WHAT IS REQUIRED:
In the entries below, find the line with "Vaste conçoit la" and the line with "- Enveloppe respirante"; give again those lines and every line between them, exactly.

RECORDS FOR THIS EXERCISE:
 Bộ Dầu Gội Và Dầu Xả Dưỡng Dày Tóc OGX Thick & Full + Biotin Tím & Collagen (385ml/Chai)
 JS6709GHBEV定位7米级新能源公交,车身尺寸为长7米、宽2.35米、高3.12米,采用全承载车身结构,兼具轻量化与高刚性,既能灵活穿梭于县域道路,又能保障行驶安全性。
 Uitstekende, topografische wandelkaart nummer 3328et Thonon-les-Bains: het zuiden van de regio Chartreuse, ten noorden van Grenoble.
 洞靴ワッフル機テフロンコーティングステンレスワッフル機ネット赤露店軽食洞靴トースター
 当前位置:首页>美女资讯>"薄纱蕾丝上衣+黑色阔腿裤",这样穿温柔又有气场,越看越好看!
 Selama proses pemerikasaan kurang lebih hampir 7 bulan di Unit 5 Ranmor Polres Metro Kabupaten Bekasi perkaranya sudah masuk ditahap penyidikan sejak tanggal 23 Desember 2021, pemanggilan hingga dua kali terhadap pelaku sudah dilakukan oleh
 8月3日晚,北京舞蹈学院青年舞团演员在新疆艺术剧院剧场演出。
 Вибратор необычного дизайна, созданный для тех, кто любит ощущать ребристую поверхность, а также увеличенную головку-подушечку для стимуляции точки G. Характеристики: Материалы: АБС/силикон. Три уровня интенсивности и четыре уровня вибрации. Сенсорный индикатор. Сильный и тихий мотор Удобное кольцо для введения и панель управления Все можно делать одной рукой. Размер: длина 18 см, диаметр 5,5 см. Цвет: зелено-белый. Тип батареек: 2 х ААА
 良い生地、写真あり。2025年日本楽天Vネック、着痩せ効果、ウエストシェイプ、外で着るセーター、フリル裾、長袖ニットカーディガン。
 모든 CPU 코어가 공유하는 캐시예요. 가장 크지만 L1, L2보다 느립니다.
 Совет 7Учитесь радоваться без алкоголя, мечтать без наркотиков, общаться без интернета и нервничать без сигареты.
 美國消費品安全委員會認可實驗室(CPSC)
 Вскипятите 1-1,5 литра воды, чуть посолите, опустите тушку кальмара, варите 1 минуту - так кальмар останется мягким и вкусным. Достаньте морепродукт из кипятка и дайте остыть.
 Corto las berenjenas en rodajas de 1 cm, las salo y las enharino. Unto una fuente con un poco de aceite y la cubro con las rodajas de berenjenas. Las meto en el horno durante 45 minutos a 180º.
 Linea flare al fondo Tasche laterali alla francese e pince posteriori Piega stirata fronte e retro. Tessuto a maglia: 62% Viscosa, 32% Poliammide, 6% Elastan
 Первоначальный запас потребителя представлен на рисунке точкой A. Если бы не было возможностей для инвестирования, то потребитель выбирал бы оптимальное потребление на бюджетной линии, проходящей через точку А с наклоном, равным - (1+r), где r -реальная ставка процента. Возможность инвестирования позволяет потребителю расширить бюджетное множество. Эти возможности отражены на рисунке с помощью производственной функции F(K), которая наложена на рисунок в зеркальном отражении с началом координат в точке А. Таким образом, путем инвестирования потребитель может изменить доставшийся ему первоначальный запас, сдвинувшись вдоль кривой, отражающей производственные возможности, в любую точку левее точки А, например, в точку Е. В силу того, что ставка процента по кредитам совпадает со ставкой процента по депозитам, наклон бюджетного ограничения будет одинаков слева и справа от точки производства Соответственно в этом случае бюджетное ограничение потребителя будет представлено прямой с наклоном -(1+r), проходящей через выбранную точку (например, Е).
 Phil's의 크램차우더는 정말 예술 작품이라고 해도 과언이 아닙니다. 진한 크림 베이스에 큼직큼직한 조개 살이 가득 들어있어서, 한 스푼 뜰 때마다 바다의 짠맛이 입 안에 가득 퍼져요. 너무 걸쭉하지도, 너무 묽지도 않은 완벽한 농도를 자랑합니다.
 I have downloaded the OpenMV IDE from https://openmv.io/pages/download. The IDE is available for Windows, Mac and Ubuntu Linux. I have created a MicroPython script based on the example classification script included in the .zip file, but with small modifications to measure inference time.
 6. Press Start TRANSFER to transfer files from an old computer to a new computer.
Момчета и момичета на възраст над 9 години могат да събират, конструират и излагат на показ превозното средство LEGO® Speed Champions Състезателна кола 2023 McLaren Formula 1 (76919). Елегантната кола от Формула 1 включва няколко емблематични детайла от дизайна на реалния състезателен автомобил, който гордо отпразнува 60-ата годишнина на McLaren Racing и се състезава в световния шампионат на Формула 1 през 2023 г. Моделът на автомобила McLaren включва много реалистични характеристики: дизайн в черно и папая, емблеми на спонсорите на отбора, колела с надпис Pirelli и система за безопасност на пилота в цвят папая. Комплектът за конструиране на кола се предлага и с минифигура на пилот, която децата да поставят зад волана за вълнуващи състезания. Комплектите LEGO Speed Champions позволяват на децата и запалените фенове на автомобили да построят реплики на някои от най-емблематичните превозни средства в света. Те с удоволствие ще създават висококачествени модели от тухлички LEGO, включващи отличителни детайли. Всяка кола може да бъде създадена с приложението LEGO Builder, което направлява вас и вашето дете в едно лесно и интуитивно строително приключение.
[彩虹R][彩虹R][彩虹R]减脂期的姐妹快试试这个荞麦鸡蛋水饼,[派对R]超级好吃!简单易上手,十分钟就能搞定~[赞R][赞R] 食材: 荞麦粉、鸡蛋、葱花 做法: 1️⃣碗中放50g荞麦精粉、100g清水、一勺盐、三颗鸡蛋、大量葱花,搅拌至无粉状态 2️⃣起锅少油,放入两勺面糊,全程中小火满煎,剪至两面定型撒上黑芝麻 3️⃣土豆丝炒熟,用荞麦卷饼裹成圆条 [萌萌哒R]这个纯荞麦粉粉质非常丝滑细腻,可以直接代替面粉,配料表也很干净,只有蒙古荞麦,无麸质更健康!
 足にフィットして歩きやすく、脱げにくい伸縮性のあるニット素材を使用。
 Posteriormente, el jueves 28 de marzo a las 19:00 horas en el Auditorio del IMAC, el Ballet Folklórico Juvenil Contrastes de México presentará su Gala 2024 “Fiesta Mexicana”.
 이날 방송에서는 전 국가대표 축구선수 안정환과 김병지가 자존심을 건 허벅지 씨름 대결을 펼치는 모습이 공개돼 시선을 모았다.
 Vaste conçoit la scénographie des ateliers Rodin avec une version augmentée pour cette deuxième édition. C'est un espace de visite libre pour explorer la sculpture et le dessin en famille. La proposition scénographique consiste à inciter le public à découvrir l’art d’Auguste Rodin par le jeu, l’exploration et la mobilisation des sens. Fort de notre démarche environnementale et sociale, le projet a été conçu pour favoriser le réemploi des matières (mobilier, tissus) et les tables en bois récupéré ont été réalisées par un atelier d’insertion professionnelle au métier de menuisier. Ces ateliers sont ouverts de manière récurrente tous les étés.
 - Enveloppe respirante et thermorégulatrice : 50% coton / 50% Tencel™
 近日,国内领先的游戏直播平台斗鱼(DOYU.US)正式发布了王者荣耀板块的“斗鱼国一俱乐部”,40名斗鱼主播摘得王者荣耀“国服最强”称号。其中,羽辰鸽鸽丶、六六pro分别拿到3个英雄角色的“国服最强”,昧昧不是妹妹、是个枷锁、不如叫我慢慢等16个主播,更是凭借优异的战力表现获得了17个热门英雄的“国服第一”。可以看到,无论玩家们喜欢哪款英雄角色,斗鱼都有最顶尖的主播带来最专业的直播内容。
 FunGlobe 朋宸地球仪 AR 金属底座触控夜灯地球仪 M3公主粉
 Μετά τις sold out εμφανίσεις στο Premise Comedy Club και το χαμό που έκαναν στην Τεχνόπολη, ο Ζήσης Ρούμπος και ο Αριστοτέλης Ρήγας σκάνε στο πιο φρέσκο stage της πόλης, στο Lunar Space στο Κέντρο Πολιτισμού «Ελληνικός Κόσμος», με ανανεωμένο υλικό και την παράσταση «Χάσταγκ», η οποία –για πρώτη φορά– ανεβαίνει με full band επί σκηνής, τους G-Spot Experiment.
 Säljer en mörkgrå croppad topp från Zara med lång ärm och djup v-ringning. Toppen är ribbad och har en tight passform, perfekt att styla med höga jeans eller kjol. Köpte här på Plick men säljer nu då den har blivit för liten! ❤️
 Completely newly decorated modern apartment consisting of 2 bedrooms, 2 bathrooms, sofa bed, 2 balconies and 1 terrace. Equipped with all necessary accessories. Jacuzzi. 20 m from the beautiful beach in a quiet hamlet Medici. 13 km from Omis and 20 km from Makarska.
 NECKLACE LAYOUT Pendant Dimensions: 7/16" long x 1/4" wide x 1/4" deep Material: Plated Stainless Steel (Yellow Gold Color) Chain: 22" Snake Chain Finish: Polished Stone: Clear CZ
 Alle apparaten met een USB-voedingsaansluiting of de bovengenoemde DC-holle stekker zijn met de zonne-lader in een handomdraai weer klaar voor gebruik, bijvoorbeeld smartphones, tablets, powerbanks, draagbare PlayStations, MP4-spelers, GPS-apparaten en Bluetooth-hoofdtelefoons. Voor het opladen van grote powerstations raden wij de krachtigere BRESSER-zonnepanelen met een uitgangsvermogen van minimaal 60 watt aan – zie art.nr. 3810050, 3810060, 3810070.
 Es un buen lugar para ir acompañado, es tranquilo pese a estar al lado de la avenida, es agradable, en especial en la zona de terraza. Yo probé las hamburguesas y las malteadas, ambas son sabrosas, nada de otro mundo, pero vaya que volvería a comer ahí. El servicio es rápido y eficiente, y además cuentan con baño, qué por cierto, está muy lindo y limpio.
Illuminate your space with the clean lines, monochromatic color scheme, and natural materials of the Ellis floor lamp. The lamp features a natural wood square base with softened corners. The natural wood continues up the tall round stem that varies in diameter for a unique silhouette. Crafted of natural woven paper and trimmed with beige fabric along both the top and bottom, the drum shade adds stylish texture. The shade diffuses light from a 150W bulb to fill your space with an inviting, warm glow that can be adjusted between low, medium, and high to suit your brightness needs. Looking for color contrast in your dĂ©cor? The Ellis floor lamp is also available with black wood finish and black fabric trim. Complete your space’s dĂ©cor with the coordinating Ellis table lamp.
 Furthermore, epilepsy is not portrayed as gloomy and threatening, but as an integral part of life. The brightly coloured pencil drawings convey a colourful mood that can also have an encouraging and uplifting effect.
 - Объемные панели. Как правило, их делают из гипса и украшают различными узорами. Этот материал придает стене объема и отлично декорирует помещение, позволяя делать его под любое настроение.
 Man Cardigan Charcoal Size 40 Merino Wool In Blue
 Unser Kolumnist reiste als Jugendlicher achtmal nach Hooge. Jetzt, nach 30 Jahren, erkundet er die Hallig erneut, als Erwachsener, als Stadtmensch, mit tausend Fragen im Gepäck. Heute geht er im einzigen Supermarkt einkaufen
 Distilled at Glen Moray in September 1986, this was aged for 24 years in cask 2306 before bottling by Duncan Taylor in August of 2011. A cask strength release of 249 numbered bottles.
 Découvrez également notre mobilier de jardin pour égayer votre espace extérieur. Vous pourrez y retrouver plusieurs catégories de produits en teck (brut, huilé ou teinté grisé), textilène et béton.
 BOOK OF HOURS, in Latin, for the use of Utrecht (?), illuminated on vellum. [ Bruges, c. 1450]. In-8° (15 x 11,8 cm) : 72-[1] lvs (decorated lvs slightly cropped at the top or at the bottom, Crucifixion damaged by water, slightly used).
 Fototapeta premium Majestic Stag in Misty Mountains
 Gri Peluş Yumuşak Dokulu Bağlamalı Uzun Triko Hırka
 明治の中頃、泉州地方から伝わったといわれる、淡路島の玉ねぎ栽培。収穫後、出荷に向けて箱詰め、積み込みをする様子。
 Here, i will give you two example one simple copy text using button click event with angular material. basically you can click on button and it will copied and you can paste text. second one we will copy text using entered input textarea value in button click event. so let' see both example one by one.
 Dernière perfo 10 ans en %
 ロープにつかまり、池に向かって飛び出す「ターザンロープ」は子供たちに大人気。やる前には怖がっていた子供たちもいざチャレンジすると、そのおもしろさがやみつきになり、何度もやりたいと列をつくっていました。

REPLY:
 Vaste conçoit la scénographie des ateliers Rodin avec une version augmentée pour cette deuxième édition. C'est un espace de visite libre pour explorer la sculpture et le dessin en famille. La proposition scénographique consiste à inciter le public à découvrir l’art d’Auguste Rodin par le jeu, l’exploration et la mobilisation des sens. Fort de notre démarche environnementale et sociale, le projet a été conçu pour favoriser le réemploi des matières (mobilier, tissus) et les tables en bois récupéré ont été réalisées par un atelier d’insertion professionnelle au métier de menuisier. Ces ateliers sont ouverts de manière récurrente tous les étés.
 - Enveloppe respirante et thermorégulatrice : 50% coton / 50% Tencel™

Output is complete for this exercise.